How Good Are the Lakers?

by

Michael, I gotta have more cowbell!

ESPN has already asked Phil Jackson the 70 wins question. And if they’re going to ask someone, it might as well be Phil. His Bulls did it once and came close twice. It’s an interesting question not because the Lakers have gone 7-0 through the first two weeks of the season. Several teams have managed that feat (the 1996 Bulls who won 72 games did not). Nor are the Lakers on a record-pace for point differential or efficiency differential. The Heat are.

What has been truly impressive about the Lakers is the way they’ve won their seven games. There is a precision in their play that comes of a strong core with years of playoff experience. The defending champs are picking defenses apart. By the advanced numbers they are leading the league is scoring (points per game), Offensive Rating (points produced per 100 team possessions) and SRS (simple rating system – a formula that weights teams by point differetial, strength of schedule, and other mathish criteria). All of those things could be thrown off by one or two big blowouts at this stage, but that really hasn’t been the case with LA. They have three blowouts, two close games, and two respectable margins of victory while being consistently dominant on offense, and they haven’t really overplayed their starters to do it.

Kobe, you like-a dee juice? Dee juice, it is a-good, yeah?

Kobe’s pre-season woes seem to be behind him. He’s playing crisp, effective basketball even if his lift isn’t what it once was (it seems like I make that same point in some form every season – Kobe’s lost some hops, but his offensive game is getting tighter and tighter). Pau is playing like an MVP right now, truly dominating the center position. Don’t get mad at me for daring to comparing him to one of the ten best players ever, but he reminds me of Tim Duncan with his versatility and decision-making on offense. Odom has been steadier than usual, giving more good and less yawn. Artest hasn’t shot great, but he’s been making plays and has been a real bright spot on a defense that is waiting for the return of Bynum to fully get its act together.

Bynum would be the elephant not in the room if the Lakers’ second unit was hurting, but it hasn’t been. Blake is proving to be exactly what LA expected, an experienced hand and quick pickup in the triangle who works his tail off on defense, hits open shots, and respects his own limitations. A younger version of Fisher for all intents and purposes. Shannon Brown came back from summer vacation with a jumpshot in his suitcase. When Kobe and Fisher sit, the guard positions remain dangerous. Matt Barnes has acknowledged his difficulties in picking up the triangle, but he’s been making contributions with his effort and size, playing in a double small forward alignment with Artest that has held its own on the boards. The two rookies, Caracter and Ebanks, and the old hand Ratliff have added some needed depth to the front line in Bynum’s absence. This looks like one of the most solid benches in the league already, and Lamar Odom will be joining it between Thanksgiving and Christmas.
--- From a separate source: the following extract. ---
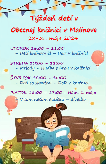 Obecná knižnica v Malinove Vás pozýva na Týždeň detí v knižnici

Happy freakin’ holidays!

So can the Lakers eclipse the Bulls’ mark of 72 wins? Should they? Will they? I have no idea. I don’t think they can make that a legitimate goal just yet. The season feels full of possibilities when no struggles have taken place, and a team hasn’t suffered a loss yet. One thing in their favor though is a relatively easy schedule early. They don’t have a single game against the Celtics, Magic, Heat, or Spurs (the four teams whom we at Double Dribble projected to be the defending champs’ biggest obstacles to threepeating prior to the season’s tipoff) until Christmas day. However Christmas week will be a test with Miami at home followed by a South Western conference trip through San Antonio and New Orleans. If the Lakers make it to the All-Star break with losses in the low single digits, then Kobe can start pressing the boys to help him snag one MJ record that nobody thought we’d see broken for a very long time.